Problem to solve ▸
Print the listing below only from the line that has "(서울=포커스뉴스) 22일 오후" through the line that has "6年生はビレジに着き、荷物整", exactly, and drop any picture.

Material for the task ▸
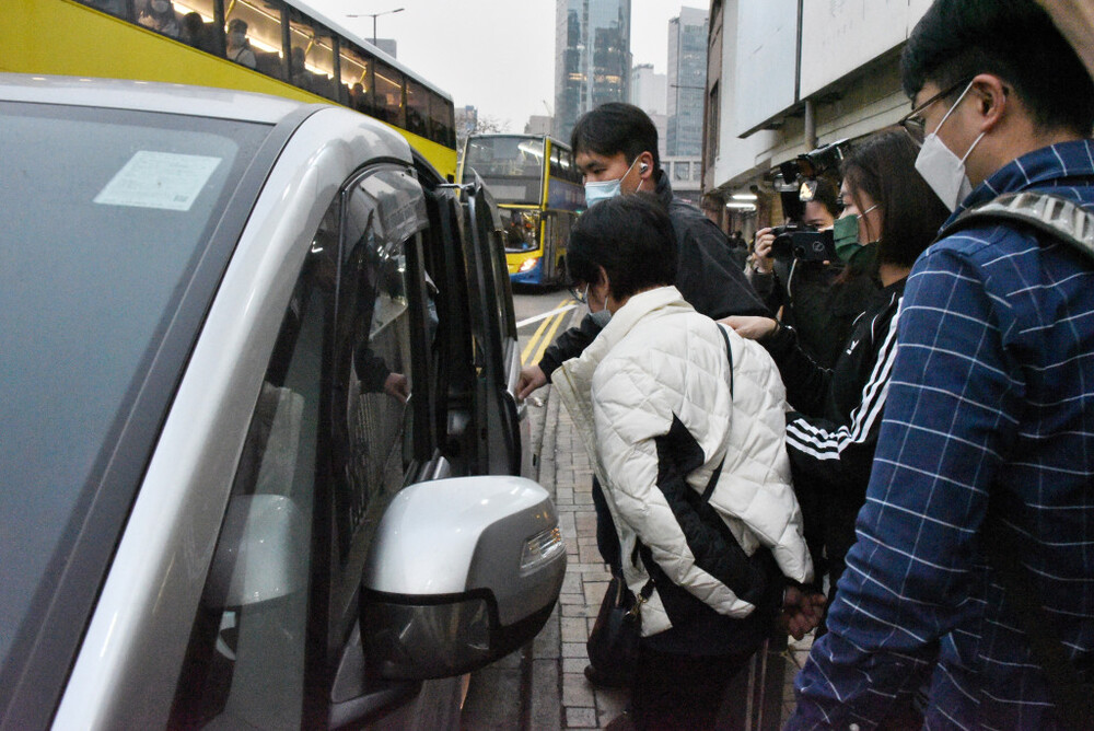 “I was scared by police as they grabbed my phone and arrested me the moment I finished visiting Lee and stepped out of [Stanley] Prison,” Tang told reporters as she left Wan Chai Police Station at around 1pm.
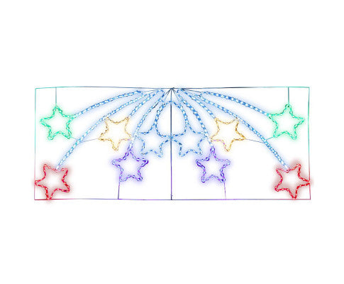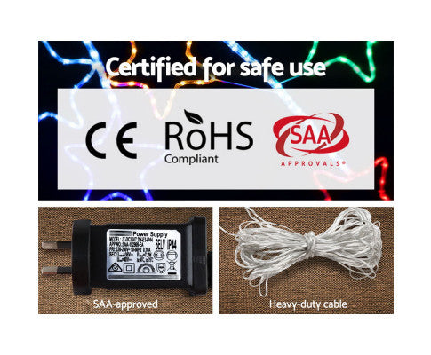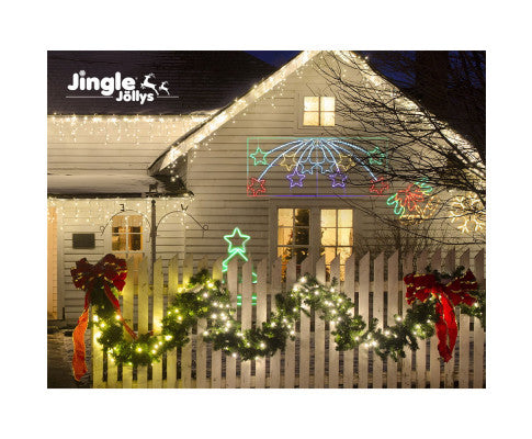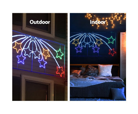 Bring the brilliance of Christmas to your home with our mesmerising Jingle Jollys LED Falling Star Light. The brilliant motif light depicts ten five-pointed stars falling from a central point. The multicoloured 31V LED bulbs that are set in a sturdy metal frame, consume little energy and remain cool to the touch. Hang the light up indoors in your living room, or outdoors in your garden for all your neighbours to appreciate. And you do not need to take the light down as soon as Christmas is over. It is waterproof and weather-resistant, so you can leave it out well into the New Year. Create a lively and bright Christmas ambience throughout the season.Counting down to Christmas! Get yours early to avoid busy logistics when approaching Christmas!
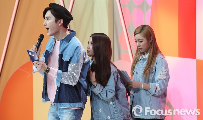(서울=포커스뉴스) 22일 오후 서울 마포구 SBS프리즘 타워에서 열린 2016 '더쇼' 생방송 현장에 진행자 조미(왼쪽부터), 솔라, 휘인이 오프닝을 하고 있다.
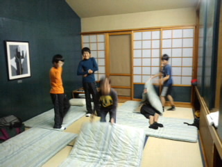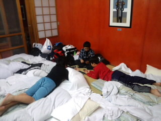 6年生はビレジに着き、荷物整理と食事を終え、部屋で思い思いの時間を過ごしています。
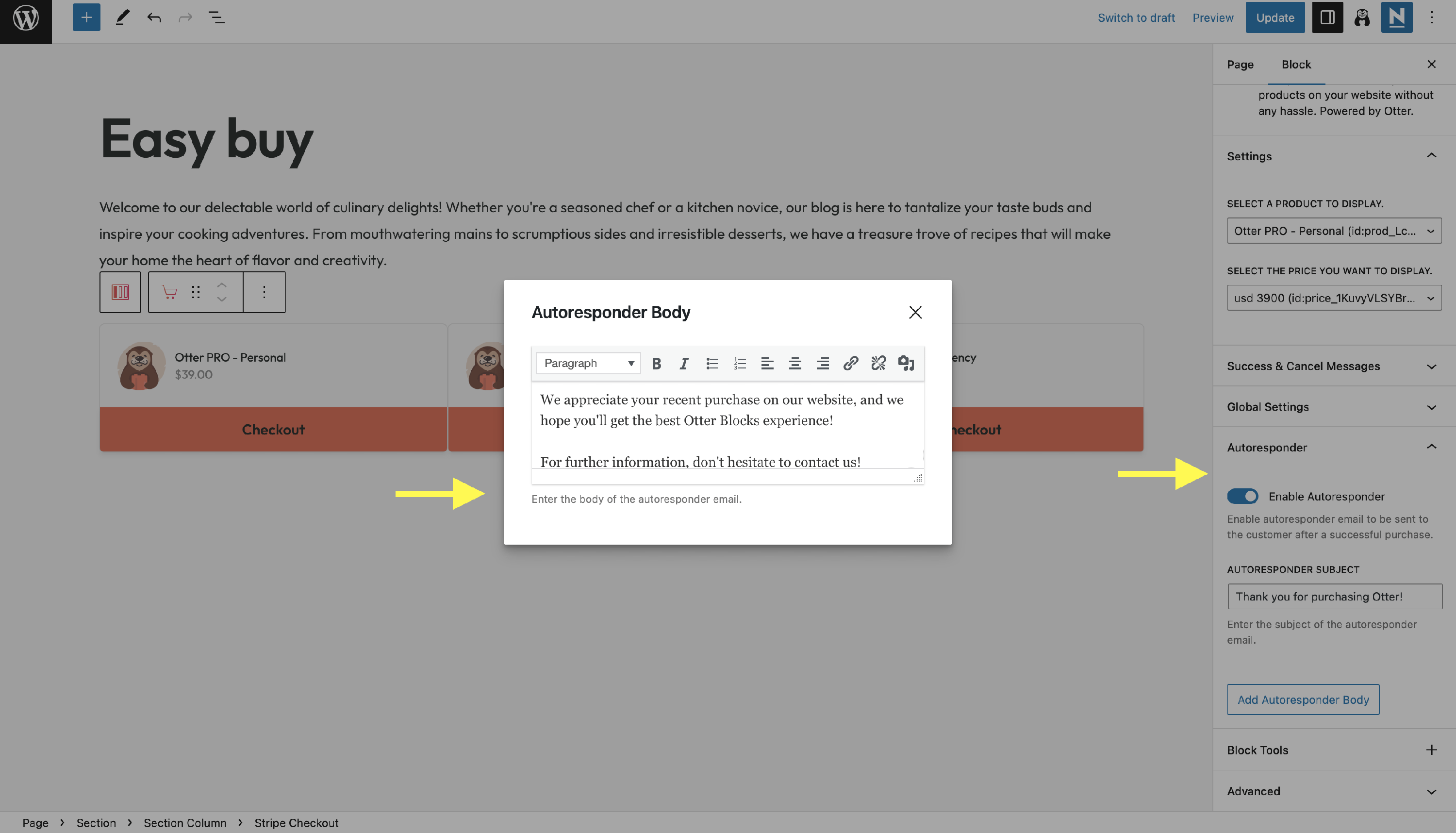 - enable Autoresponder, which will allow you to automatically send messages to customers after successfully making a purchase. Inside the Autoresponder accordion, you can customize the email subject to let the customer know what the mail is about, then add a personal body text:

Problem solution ▸
(서울=포커스뉴스) 22일 오후 서울 마포구 SBS프리즘 타워에서 열린 2016 '더쇼' 생방송 현장에 진행자 조미(왼쪽부터), 솔라, 휘인이 오프닝을 하고 있다.
 6年生はビレジに着き、荷物整理と食事を終え、部屋で思い思いの時間を過ごしています。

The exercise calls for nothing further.